(TASK DIRECTIONS) In this exercise, the entries below include pictures. Repeat exactly the lines from the line with "Tim putri U19" to the line with "Recliner requires zero", including both, but without the pictures.

(GIVEN DATA)
○ ○ ○ ○ ○ ○ ○
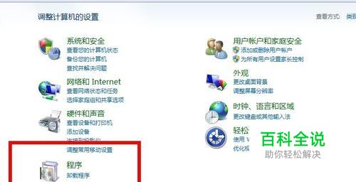 打开控制面板。找到 程序 那个选项,不一样的系统 那个功能的名称可能会不一样。
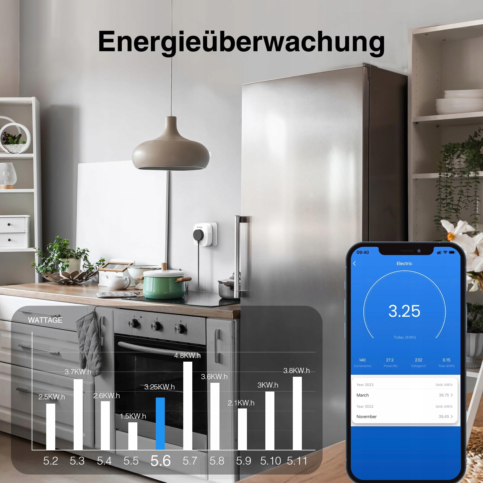 ⚡【Pomiar energii】Dzięki gniazdku SP1 Smart WiFi możesz monitorować zużycie energii podłączonych urządzeń domowych za pomocą aplikacji mobilnej, aby uzyskać szczegółowy wgląd w zużycie energii urządzeń i pomóc w oszczędzaniu energii.
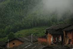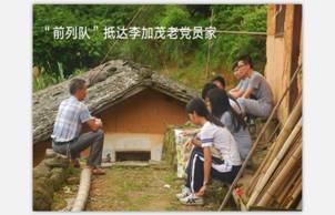 恰逢路面雨过境,一路山高坡陡,行走十分困难,真是“路隘林深苔滑”;带队的村委一直教我们如何走山路,“不要踩青苔,脚打横一点踩两边”。大家手中拿做物品,虽然走得小心翼翼,还是有几个队员摔了跤,陈老师为保护拍摄的相机不慎扭伤了右手,历经艰难我们终于到了老党员的家。在我们面前的这一位老党员穿着军装,个子很瘦小,但是神采奕奕,他一直以微笑招呼我们。看到了这位老党员身处困境,依然意志坚定,一股敬佩的感觉油然而生,虽然我们语言沟通较困难,但是能感受到他对我们的到来十分欣喜。
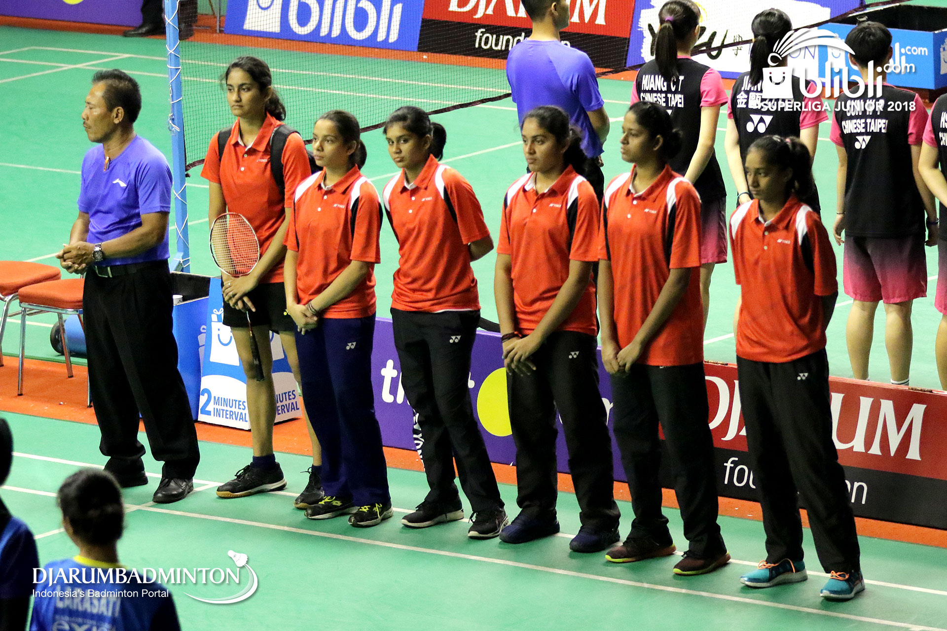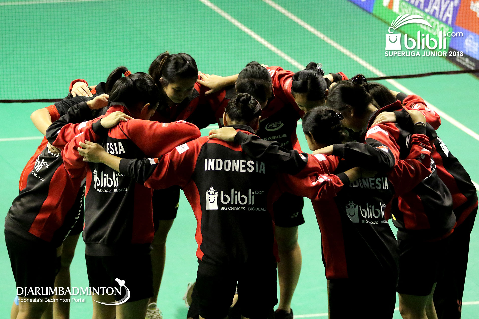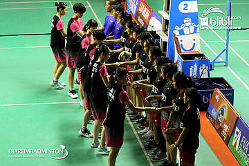 Tim putri U19 PB. Djarum berkumpul sebelum bertanding
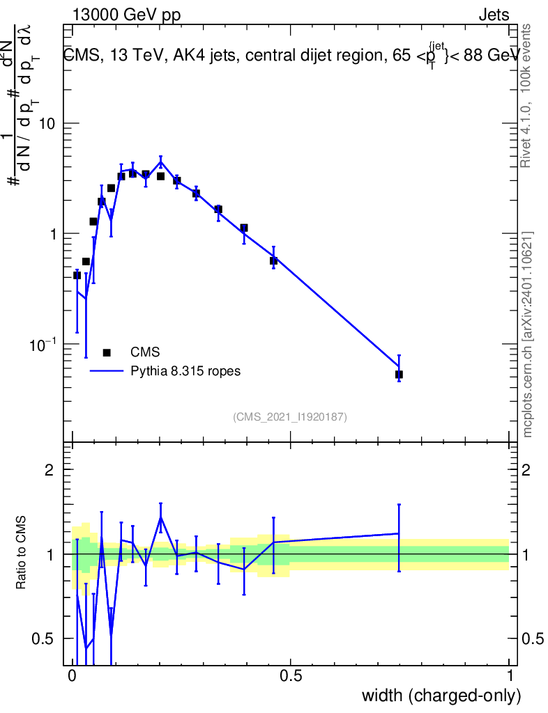 Lines: data, pythia8 8.315 ropes |
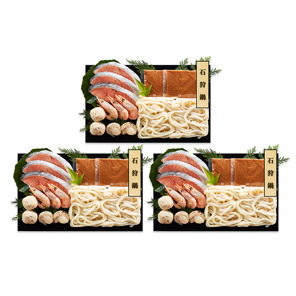 ■規格:個食用石狩鍋セット(秋鮭切身40g×3切、ボイル海老6g×3尾、ボイル帆立20g×2個、えび入つみれ20g×2個、冷凍うどん250g×1玉、たれ(濃縮:味噌)50g×2袋 ※1~2人前) ×3
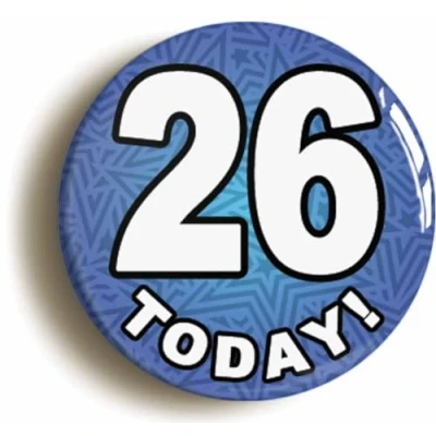 Ozorath 26 Twenty Six Today Sixth 26th Birthday Badge Button (Size is 2inch / 50mm diameter)
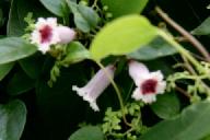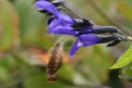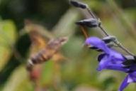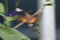 大小のある2匹のホウジャクが弾丸のごとく飛来して、互いに牽制して追っかけて追い払い、激しく羽を動かしてホバリングし、花から花へと飛び回り密を吸うと、何処へともなく弾丸の早さで飛び去る。しばらく待つとまた飛来する
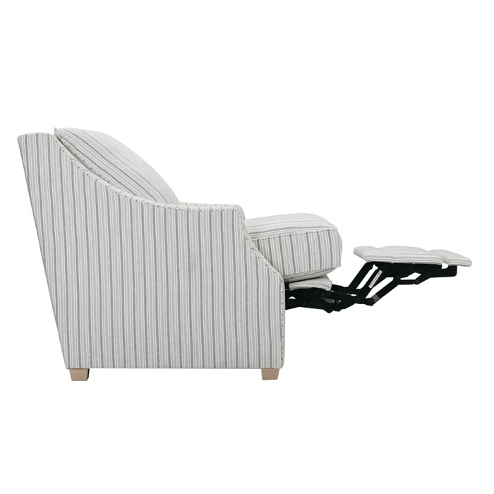 Recliner requires zero wall clearance and features a powered recliner mechanism.
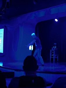 I went to Azure Lounge for a 10:30pm show of “Jeremy Penguin” a juggler from New Zealand. But before his show I stumbled upon an interactive quiz just before. I stood at the doorway of the Azure to survey where I could sit. There were people on the stage area on the floor looking like they were slo-mo crawling. I stayed at the doorway for a bit longer to realise it was a game show of sorts with two contestants. These two contestants had come from different sides of the room which had effectively divided the room into two teams. They had buzzers and it was name that tune from a TV series or advert. A few of the questions had to be canned because it appeared that the adverts hailed from America and hadn’t been shown in Australia. Along the way there were challenges for the teams, one of which included dancing in sync to whatever the contestant decided to do. It was well done and funny but I was glad that I hadn’t been there for the start of the show to participate.
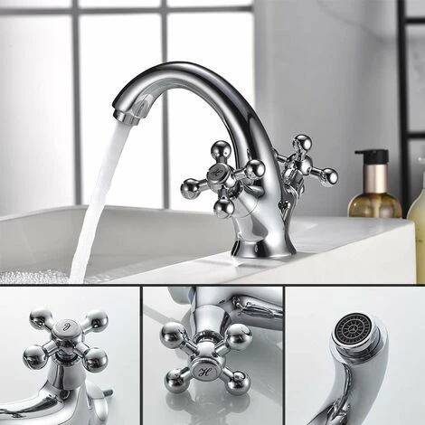 Deux poignées contrôlent le débit et la température de l’eau séparément.
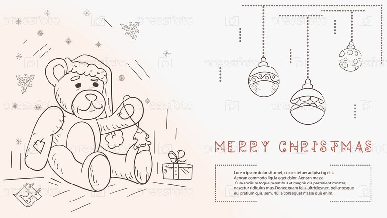 Рождественская контурная иллюстрация в стиле детских каракулей с текстом Lorem Ipsum игрушечный медведь в шляпе Санты
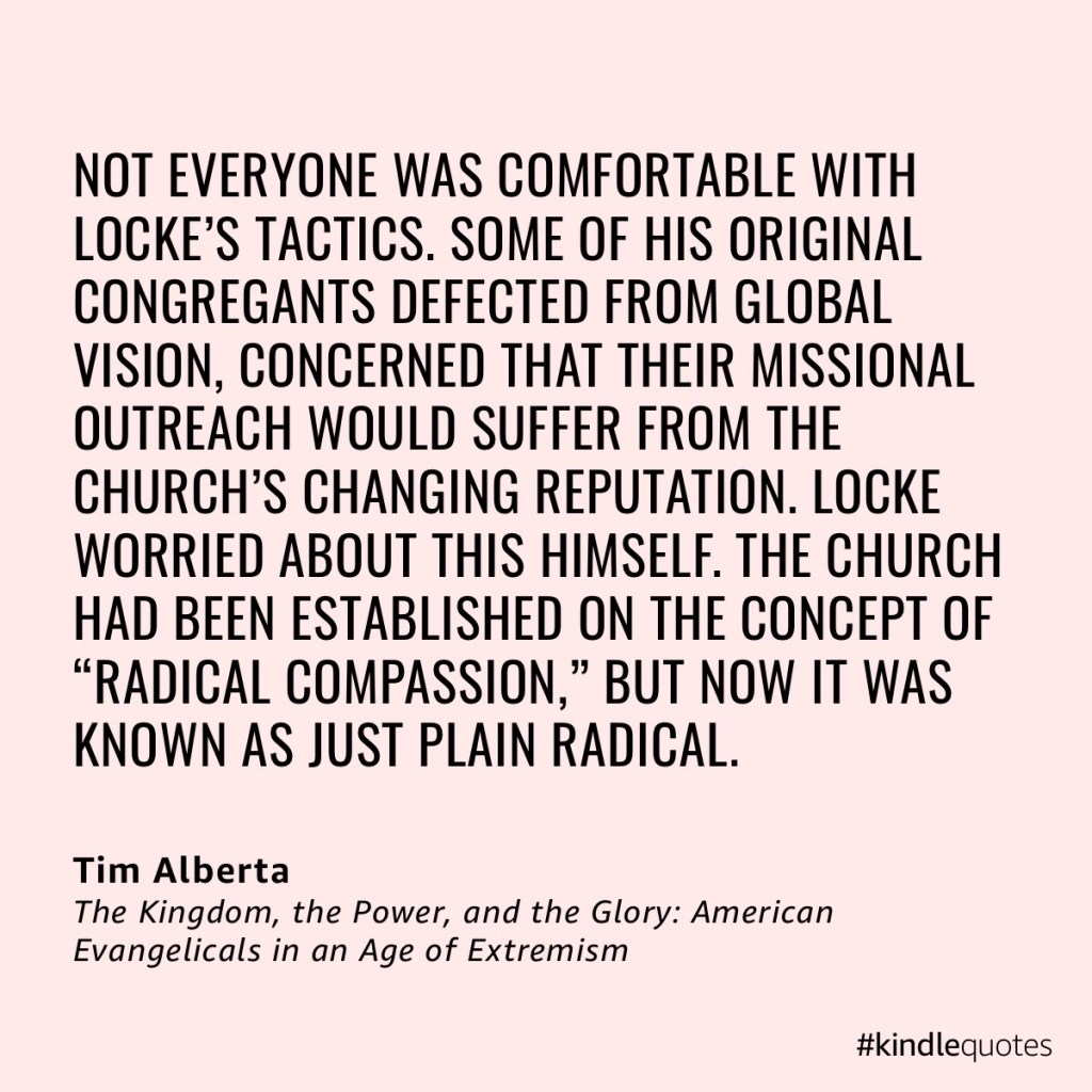 Tim is offended because Greg Lockes church exists within evangelical circles and because much of the evangelical movement supports Donald Trump, mainly because he also has risen to political fame in ways also not so well liked by the Staid and mostly do nothing but go along RINO’s.
○ ○ ○ ○ ○ ○ ○
(TASK OUTPUT)
 Tim putri U19 PB. Djarum berkumpul sebelum bertanding
 Lines: data, pythia8 8.315 ropes |
 ■規格:個食用石狩鍋セット(秋鮭切身40g×3切、ボイル海老6g×3尾、ボイル帆立20g×2個、えび入つみれ20g×2個、冷凍うどん250g×1玉、たれ(濃縮:味噌)50g×2袋 ※1~2人前) ×3
 Ozorath 26 Twenty Six Today Sixth 26th Birthday Badge Button (Size is 2inch / 50mm diameter)
 大小のある2匹のホウジャクが弾丸のごとく飛来して、互いに牽制して追っかけて追い払い、激しく羽を動かしてホバリングし、花から花へと飛び回り密を吸うと、何処へともなく弾丸の早さで飛び去る。しばらく待つとまた飛来する
 Recliner requires zero wall clearance and features a powered recliner mechanism.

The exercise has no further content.